Convolutional neural networks, or CNNs, found applications in computer vision and audio processing. More generally they are suitable for tasks that use a number of features to identify interesting objects, events, sound, etc. The power of CNNs comes from the fact that they can be trained to come up with features that are hard to define by hand. What are “features”, you may ask? It is probably easier to understand this concept through example. Suppose your task is to write a program that can analyze an image of an LCD display and can recognize if the display shows 0 or 1. Thus your program is presented with images that look as follows:
Fig 1. Images representing 0 and 1 on an LCD display
A possible solution would be to convert images to a numeric representation. If 0 was used to represent black pixels, and 1 to represent white pixels, the above images would have numeric representation as shown below:
[[ 1 1 1 1 1] [[ 0 0 0 0 1] [ 1 0 0 0 1] [ 0 0 0 0 1] [ 1 0 0 0 1] [ 0 0 0 0 1] [ 1 0 0 0 1] [ 0 0 0 0 1] [ 1 1 1 1 1]] [ 0 0 0 0 1]]

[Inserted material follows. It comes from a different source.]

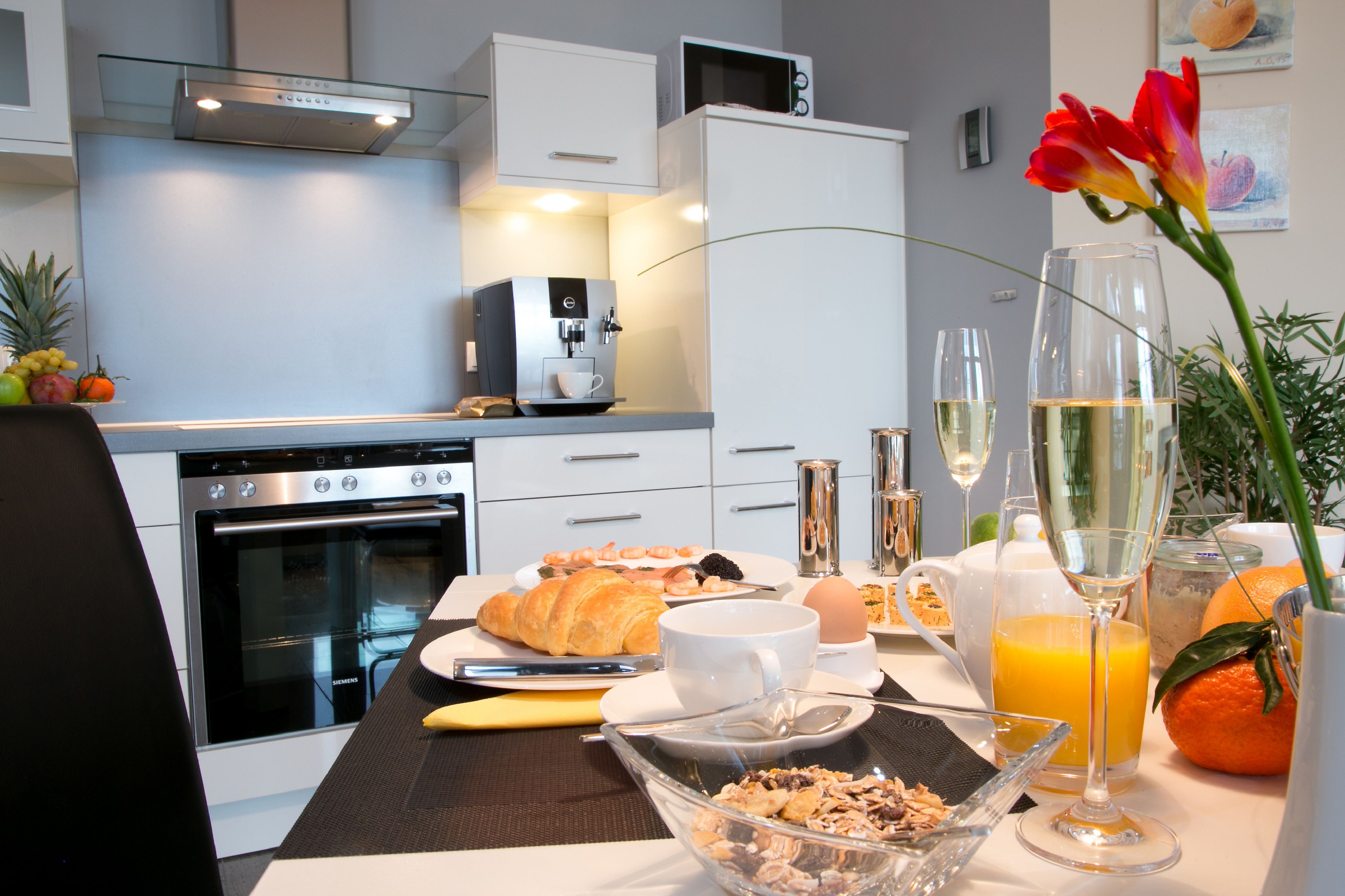 Die angrenzende Küche lässt keine Wünsche offen: Mit modernster Ausstattung inklusive Backofen, Spülmaschine, Cerankochfeld, Kühlschrank und sämtlichen Küchenutensilien können Sie hier nach Lust und Laune Ihre Lieblingsgerichte zubereiten. Ob ein ausgiebiges Frühstück mit frischen Brötchen oder ein gemütliches Abendessen mit Blick auf das Meer – in dieser Küche macht Kochen Spaß.

Fig 2. Numeric representation of images of 0 and 1
One could make a vertical line a feature (x[i][j] == 1, i = 0 .. 5). Then all the program would have to do is to count the number of features found in each image. If it found two, it would declare that it sees a 0, if it found one, it would output 1. Of course as features go, this one is somewhat weak, as adding 8 to the set of displayed numbers would make the program incorrectly identify it as 0. The point is not, however, to come up with a set of fool-proof features, but rather to illustrate what a feature is.

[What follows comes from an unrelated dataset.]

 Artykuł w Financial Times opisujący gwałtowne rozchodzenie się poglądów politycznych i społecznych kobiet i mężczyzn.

Back to CNNs. One of the mostly lauded achievements of CNNs is their ability to recognize handwritten digits. It is quite hard to tell what makes a handwritten three a 3. But if you let a CNN look at a sufficient number of handwritten 3s, at some point it comes up, by the virtue of back propagation, with a set of features that, when present, uniquely identify a 3. There is a reasonably comprehensive tutorial on tensorflow.org site that shows how to program a neural network to solve this specific task. My goal is not to repeat it. Instead I go over the concepts that make CNNs such a powerful tool.
In this series of posts I show how to develop a CNN that can recognize all 10 digits shown by a hypothetical LCD display. I start with a simple linear regression to show that automatic derivation of features is not specific to CNNs. By adding a degree of freedom, where digits can appear in a larger image, I show that simple linear regression is not sufficient. One possible approach is to use deep neural networks (DNNs), but they too have limits. The final solution is probably the simplest CNN one can build. Despite its simplicity, it is 100% successful in recognizing all ten digits, regardless of their position on the screen.